Somali government threatened by extremist groups: UN 2009-07-30 05:57:30   Print

    UNITED NATIONS, July 29 (Xinhua) -- The UN special representative for Somalia told the Security Council on Wednesday that the Somali transitional government is on its heels trying to thwart repeated attempts by extremist groups to overthrow it.

    "Despite multiple constraints, the government is resisting and repelling multiple attempts to overthrow it and seize power illegally by force," Ahmedou Ould-Abdallah said.

    Repeated attacks by Al-Shabaab and Hizbul-Islam militants have sent the Horn of Africa nation into chaos, with refugees fleeing by the thousands.

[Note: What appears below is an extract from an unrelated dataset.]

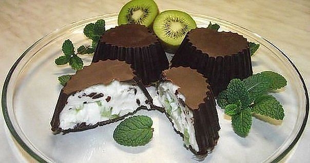 Извлечь из морозилки формочки и наполнить их начинкой,поочередно выкладывая творог и фрукты. Смешать творог с фруктами,если нет желания делать слои.Начинка должна быть почти до самого края.Сверху заливаем и разравниваем шоколад.Отправляем все в морозилку.

Both extremist groups are severely bent on trying to overthrow the UN-backed Transitional Federal Government (TFG), which is Somalia's 14th since 1991.

    In an opinion piece published the same day as al-Shabaab broke into UN offices on July 20, Abdallah noted efforts to impose sanctions on those responsible for the coup attempts, which he called "externally funded."

    "A list is being compiled for the UN sanctions committee of those who may find their assets frozen and face a travel ban," he wrote in the Washington Post.

    However, the United Nations has refrained from placing Al-Shabaab on its list of terrorist groups with links to Al Qaeda, something the United States has done independently.

    A member state would have to issue a recommendation that al-Shabaab be placed on the terrorist sanctions list, which would then require countries to freeze assets and issue a travel ban for those linked to the Taliban and Al Qaeda.

    Asked whether any member state of the United Nations had indicated a willingness to recommend that al-Shabaab be placed on the terrorist sanctions list, Abdallah told Xinhua that "it was not an issue."

    Instead, Abdallah said the real concern for the transitional government was business motivations, not ones of political or religious natures.

    "We have a tendency in Africa and here at headquarters to ignore other trivial motivation (of) business," he said. "Somalia has become a free-trade zone ... because they don't pay taxes and this is not mentioned."

    However, speaking to reporters last month, Chairman of the Al Qaeda and Taliban Sanctions Committee Thomas Mayr-Harting said: "Al Qaeda and Taliban still represent a very real threat ... in new geographical dimensions such as Somalia."

    Speaking to the Security Council, Abdallah urged the international community to throw its weight behind the TFG by supplying more troops and equipment to the African Union Mission in Somalia, known as AMISOM.

    He also called for the Council to establish a "Green Zone," similar to the one in Iraq, and urged diplomats and non-government organizations to move from Nairobi to Mogadishu.

    "Our temporary presence in Nairobi has lasted for too long," he said. "We can only work effectively for peace with the Somalis and address pressing humanitarian needs if we are close to the victims of famine, violence and different abuses."